OAKLAND — California Attorney General Rob Bonta, in partnership with the U.S. Department of Justice (USDOJ), announced four settlements totaling $68 million against three health care providers and a public health agency, all based in Central and Southern California. The agency is CenCal Health and the providers are Community Health Centers of the Central Coast (CHC), Cottage Health System (Cottage), and Sansum Clinic (Sansum). The settlement resolves allegations that CHC, Cottage, Sansum and CenCal Health submitted or caused the submission of fraudulent claims to Medi-Cal in violation of the state and federal False Claims Acts. The submissions are alleged to be part of an organized scheme to wrongfully retain federal funds that funded Medi-Cal’s Adult Expansion, a program to broaden Medi-Cal benefits that was made possible under the Affordable Care Act (ACA).
“Medi-Cal is a lifeline that provides access to free or affordable healthcare services for millions of Californians and their families,” said Attorney General Bonta. “When any healthcare provider or agency defrauds the program, they break the public’s trust and put profits before the patients who count on them for honest, quality care and services. I am grateful to the USDOJ for its extensive efforts throughout the course of this investigation. The California Department of Justice and our law enforcement partners will continue to hold accountable those who defraud the Medi-Cal program and protect those it serves.”
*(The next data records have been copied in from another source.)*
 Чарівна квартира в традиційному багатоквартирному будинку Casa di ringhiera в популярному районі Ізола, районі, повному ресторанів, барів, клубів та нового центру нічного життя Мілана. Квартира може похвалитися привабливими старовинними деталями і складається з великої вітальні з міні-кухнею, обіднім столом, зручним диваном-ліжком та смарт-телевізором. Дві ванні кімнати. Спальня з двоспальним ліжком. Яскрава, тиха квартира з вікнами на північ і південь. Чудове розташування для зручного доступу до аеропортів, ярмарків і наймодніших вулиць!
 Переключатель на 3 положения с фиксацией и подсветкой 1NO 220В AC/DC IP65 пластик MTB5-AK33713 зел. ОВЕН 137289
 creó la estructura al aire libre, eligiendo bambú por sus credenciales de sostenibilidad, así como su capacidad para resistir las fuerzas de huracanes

“Medicaid expansion funds must be used for their intended purpose of providing health care services to low-income individuals,” said Principal Deputy Assistant Attorney General Brian M. Boynton, head of the U.S. Justice Department’s Civil Division. “When health care systems and providers knowingly misuse Medicaid funds, they will be held accountable.”
Pursuant to the ACA, beginning in January 2014, Medi-Cal was expanded to cover the previously uninsured “Adult Expansion” (AE) population — adults between the ages of 19 and 64 without dependent children with annual incomes up to 133% of the federal poverty level. The federal government fully funded the expansion coverage for the first three years of the program. The AE program was intentionally overfunded to provide a substantial cushion to cover any additional medical needs this newly insured population of patients might present. Through its contract with the California Department of Health Services (DHCS), CenCal Health agreed that if it did not spend at least 85% of what it received for the AE population on eligible services, the surplus funds would be returned to the Medi-Cal program. California, in turn, was required to return that amount to the federal government.
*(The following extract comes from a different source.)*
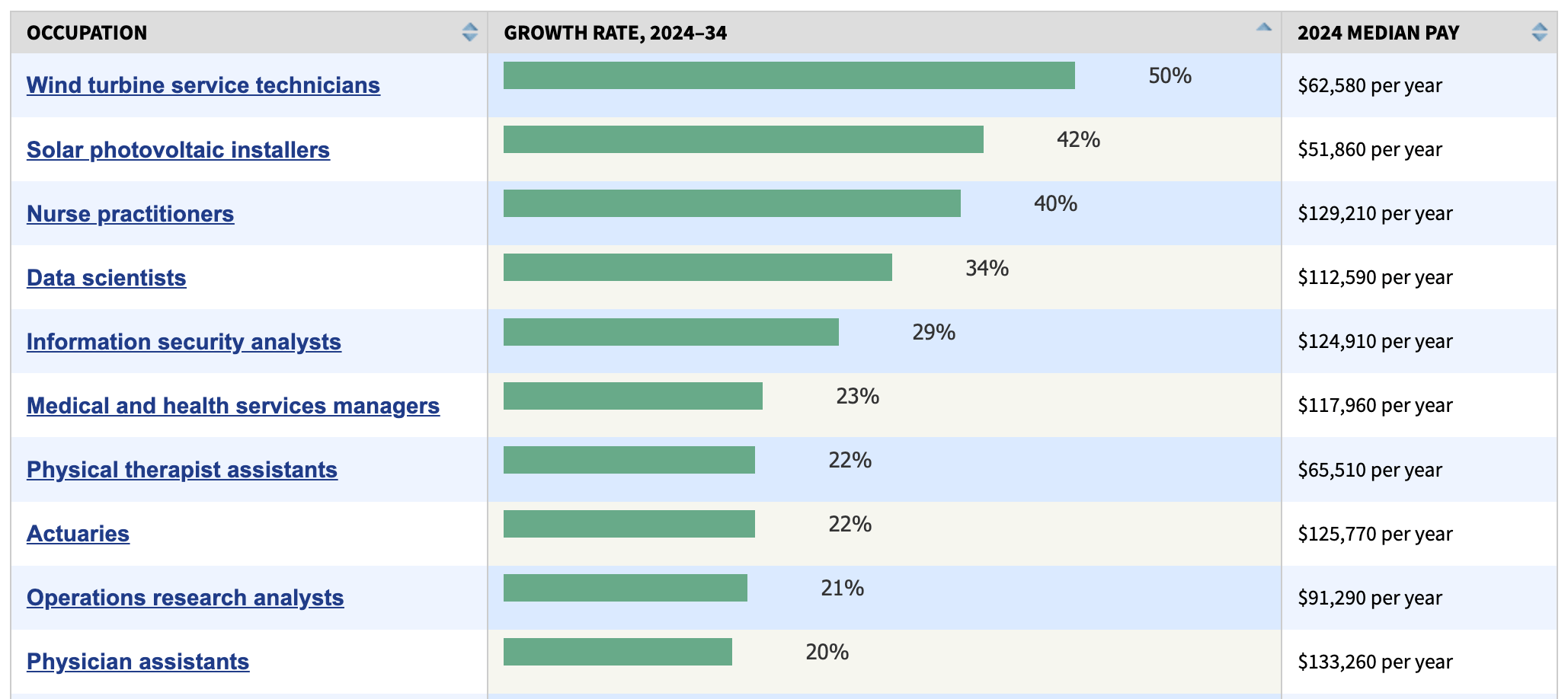 Keep reading to see charts showing projected openings, along with data on median annual wages, at each of the education levels. For comparison, the median annual wage for all occupations was $49,500 in 2024. (A median wage is the point at which half of workers made more than the amount, and half made less.)"

The four settlements resolve allegations that CHC, Cottage, Sansum and CenCal Health knowingly submitted or caused the submission of false claims to Medi-Cal for “additional services” provided to Adult Expansion Medi-Cal members. California and the United States alleged that the payments were not “allowed medical expenses” under CenCal health’s contract with DHCS, were predetermined amounts that did not reflect the fair market value of any additional services provided, and/or the additional services were duplicative of services already required to be rendered. California and the United States further alleged that the payments were unlawful gifts of public funds in violation of the California Constitution.
The AE program was funded by the federal government. Thus, the bulk of the settlement amount will go to the federal government. California will receive a 10% share of the Medicaid recoveries because the case involves the California False Claims Act and the alleged fraud impacted Medi-Cal.
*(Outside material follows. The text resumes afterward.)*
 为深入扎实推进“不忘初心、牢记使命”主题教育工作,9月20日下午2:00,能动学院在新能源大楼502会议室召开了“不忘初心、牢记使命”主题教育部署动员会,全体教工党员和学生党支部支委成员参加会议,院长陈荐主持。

Specifically, CenCal Health will pay $49.5 million to the United States; CHC will pay $3.15 million to the United States and $350,000 to California; Cottage will pay $9 million to the United States and $1 million to California; and Sansum will pay $4.5 million to the United States and $500,000 to California. In total, California will receive $1.85 million.
This investigation was made possible through collaboration with the USDOJ and the United States Attorney’s Office for the Central District of California.
The California Department of Justice’s Division of Medi-Cal Fraud and Elder Abuse (DMFEA) protects Californians by investigating and prosecuting those who defraud the Medi-Cal program as well as those who commit elder abuse. These settlements are made possible only through the coordination and collaboration of governmental agencies, as well as the critical help from whistleblowers who report incidences of abuse or Medi-Cal fraud at oag.ca.gov/dmfea/reporting
DMFEA receives 75% of its funding from HHS under a grant award totaling $53,792,132 for federal fiscal year 2022-2023. The remaining 25% is funded by the State of California. The federal fiscal year is defined as through September 30, 2023.
The claims resolved by the settlement are allegations only, and there has been no determination of liability.